Modelling and teaching complex biological systems is a difficult process. Multi-Agent Based Simulations (MABS) have proved to be an appropriate approach both in research and education when dealing with such systems including emergent, self-organizing phenomena. This chapter presents NetBioDyn, an original software aimed at biologists (students, teachers, researchers) to easily build and simulate complex biological mechanisms observed in multicellular and molecular systems. Thanks to its specific graphical user interface guided by the multi-agent paradigm, this software does not need any prerequisite in computer programming. It thus allows users to create in a simple way bottom-up models where unexpected behaviours can emerge from many interacting entities. This multi-platform software has been used in middle schools, high schools and universities since 2010. A qualitative survey is also presented, showing its ability to adapt to a wide and heterogeneous audience. The Java executable and the source code are available online at http://virtulab.univ-brest.fr.
TopIntroduction
The theory of complex systems has become more and more relevant over the last thirty years to understand concepts such as emergence and self-organization and their role in biological, physical, chemical and social systems (Jacobson & Wilensky, 2006). Modelling and simulating these concepts behind the theory of complex systems is now very important, especially for biologists (students, teachers, researchers). For example, recent works have highlighted the complementarity of modelling both bottom-up and top-down (aggregated) approaches (Stroup & Wilensky, 2014). It has been shown though that teaching and learning complex systems are challenging tasks, and raise a lot of pedagogical issues. The two main issues are:
- 1.
A widely taught top-down approach that have led students to think in that unique way; and
- 2.
System dynamics that are difficult to understand and can be non-linear and counter-intuitive (Jacobson & Wilensky, 2006).

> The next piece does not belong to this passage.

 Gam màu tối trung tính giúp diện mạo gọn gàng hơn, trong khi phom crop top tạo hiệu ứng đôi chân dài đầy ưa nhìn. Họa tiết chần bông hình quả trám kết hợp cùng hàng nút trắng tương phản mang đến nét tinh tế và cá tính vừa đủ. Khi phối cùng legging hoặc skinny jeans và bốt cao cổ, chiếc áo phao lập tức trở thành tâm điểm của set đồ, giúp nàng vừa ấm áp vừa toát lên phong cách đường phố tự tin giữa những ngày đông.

Among different strategies, the use of Multi-Agent Based Simulations (MABS) in research, teaching and learning has proved to be an efficient way of answering (some of) these issues (Epstein, 1999; Jacobson & Wilensky, 2006; Ginovart, 2014). Indeed, the individual-based approach, in opposition to a population-based approach (such as ordinary differential equations), focuses on the entities of the system, their behaviour and their local interactions to explain the global system's behaviour. As such, this concept is easier to understand, more intuitive and do not require advanced mathematical skills (Ginovart, 2014). The use of computer tools to implement these models in virtual environments and simulate them allows researchers and students to generate hypothesis, test them and, especially for students, build their knowledge more efficiently (in a process of abduction (Houser, 1992)), see Section 2.2). NetLogo (Wilensky, 1999) is a good example of such agent-based software, and has been used in a lot of works, both in education (Gammack, 2015) and research (Banitz, Gras, & Ginovart, 2015).

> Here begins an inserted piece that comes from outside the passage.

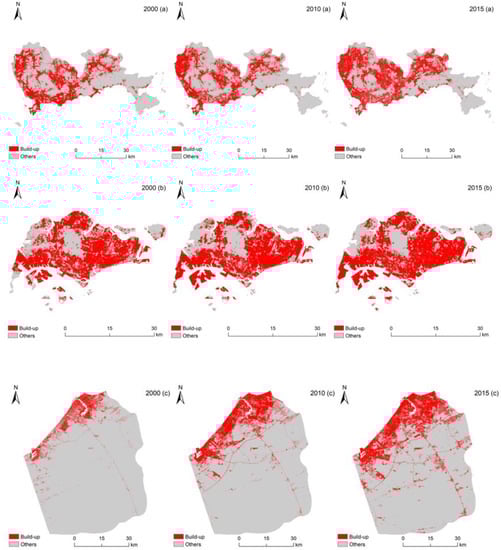Land-cover types common between all 35 coastal cities were classified into five classes (built-up, vegetation, water, bare land and others) using a random forest algorithm in the years 2000, 2010 and 2015. The accuracy assessment was performed for built-up areas based on Google Earth high-resolution images and a point-by-point verification approach. We generated 200 random verification points for each city and extracted corresponding points in land-cover maps; a confusion matrix was then used to evaluate the classification accuracy. For most coastal cities (60%, 21 out of 35), the kappa coefficients of urban built-up areas were greater than 0.90, and a few (10%) were lower than 0.70. The overall accuracy of the 35 coastal cities was 0.85, which met the accuracy requirement of land-use/cover change evaluation [29]. Coastal cities with high classification accuracy were mainly distributed in East Asia, Southeast Asia and South Asia, while coastal cities with low accuracy were mainly distributed in West Asia and Africa. This resulted from the fragmentation of built-up areas and the confused spectral features of unused land. Figure 3 shows the land-cover classifications of four representative coastal cities (Shenzhen, China; Singapore, Singapore; Dubai, United Arab Emirates; and Istanbul, Turkey) in the years of 2000, 2010 and 2015.

This chapter focuses on how to teach complex biological systems to, for example, university students in Biology, middle school and high school students; students who often do not have any experience in computer programming, and/or are reluctant to implement any code. The problem is that most of agent-based software require knowledge and skills in programming languages such as Java (e.g. the Repast software (North, Collier, & Vos, 2006)) or the NetLogo environment. This is an issue that occurs more and more as the use of agent-based software, both in research and teaching, grows in social and life sciences. In (Ginovart, 2014) and (Gkiolmas, Karamanos, Chalkidis, Skordoulis, & Papaconstantinou, 2013), a model of a predator-prey system is used with NetLogo to help respectively first-year and high-school students to understand individual-based approaches and eco-systemic mechanisms. Despite its interest, this model is a ready-made one, coded in NetLogo, where the students can change some parameters of the simulation, but are not implied in the process of creating their own simulation from scratch. Indeed, implementing this model is considered as “a hard task” by the students (Ginovart, 2014) and could be counterproductive: looking for errors in the code instead of thinking at the rightness of the model. The authors argue that using pre-existent models could have a part in preventing students for building their own system's representation (this point will be developed in Section 2.2). The gap between most of agent-based software prerequisites and the actual programming skills of students (and sometimes researchers) in these fields has to be dramatically reduced and the processes of implementing a model and simulate it should be more intuitive.